Non diversamente, l’altrettanto ignoto compilatore del già citato trattato esegetico di probabile ascendenza insulare noto come Pauca problesmata (viii sec.) ritiene opportuno utilizzare le sue conoscenze di metrica classica – conoscenze, a dire il vero, alquanto confuse – per illuminare ulteriormente il testo biblico. Posto a confronto con le parole Ego sum alpha et omega, il nostro commentatore si sforza di trarne una spiegazione dotta : per lui, la lettera greca a, che considera una vocale lunga, simbolizza l’eternità divina, mentra la lettera w, ritenuta invece una breve, starebbe a indicare la ridotta durata dell’esistenza umana : ‘Ego sum alfa et omega’ : cur istas litteras dicit hic ? Ut indicarent quia Dominus primus et novissimus est […] vel ideo dixit illas duas litteras, quia a l f a apud Graecos p r o d u c t a sit, significat aeternitatem divinitatis, o m e g a vero c o r re p t a, significat brevitatem humanitatis (CCcm 173, pp. 246-47). Al termine di questa esauriente – forse sovrabbondante – serie di loci similes, s’impone una rapida quanto succinta conclusione. Il nono secolo si presenta tradizionalmente come il momento iniziale della ‘rinascenza carolingia’, che annovera fra i suoi elementi caratterizzanti un vivace sviluppo degli studi di grammatica e retorica : non si dimentichi che proprio queste due discipline saranno oggetto di altrettanti trattati composti dall’intellettuale più rappresentativo dell’epoca, Alcuino. Vorrei allora far notare come, nell’ambito dell’insegnamento scolastico e degli studi grammaticali ed esegetici, il secolo ottavo segni già una sorta di ‘prerinascenza’ . Le numerose opere grammaticali che questo secolo ci ha trasmesso si sono poste l’obbiettivo – attraverso lo studio della ‘parola’, studio tanto più fondamentale quando si tratta del Verbo divino – di esorcizzare la diffidenza di Gregorio Magno e di fare delle ‘regole di Donato’ non più un vincolo, una costrizione, ma piuttosto uno strumento imprescindibile per l’esegesi biblica. In conclusione, gli anonimi e oscuri autori di questi manuali di grammatica hanno portato a termine con successo un compito di portata storica : riavvicinare i testi sacri ai canoni della scuola antica, ricollegare il sermo piscatorius con il sermo oratorius, in una sola parola, riconciliare Donato con la Bibbia*.
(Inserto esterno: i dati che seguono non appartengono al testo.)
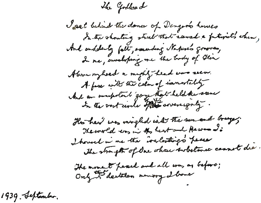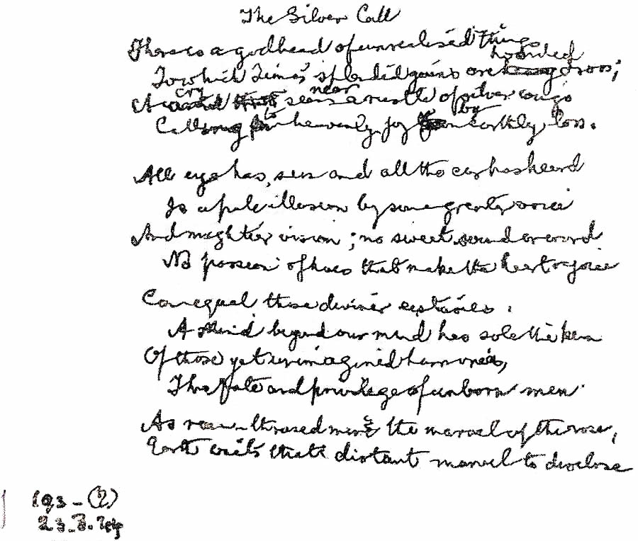 THERE is a godhead of unrealised things A cry seems near, a rustle of silver wings Calling to heavenly joy by earthly loss.

* Questo contributo costituisce una versione ampiamente rielaborata e annotata di una relazione da me presentata in lingua francese in occasione del Convegno internazionale ‘Ancient Grammar and its Posterior Tradition’ (St. Petersburg, 20-23 aprile 2005), di cui non sono ancora stati pubblicati gli Atti. Colgo l’occasione per ringraziare il collega Vladimir Mazhuga per il prezioso e infaticabile coordinamento scientifico e organizzativo svolto in quell’occasione.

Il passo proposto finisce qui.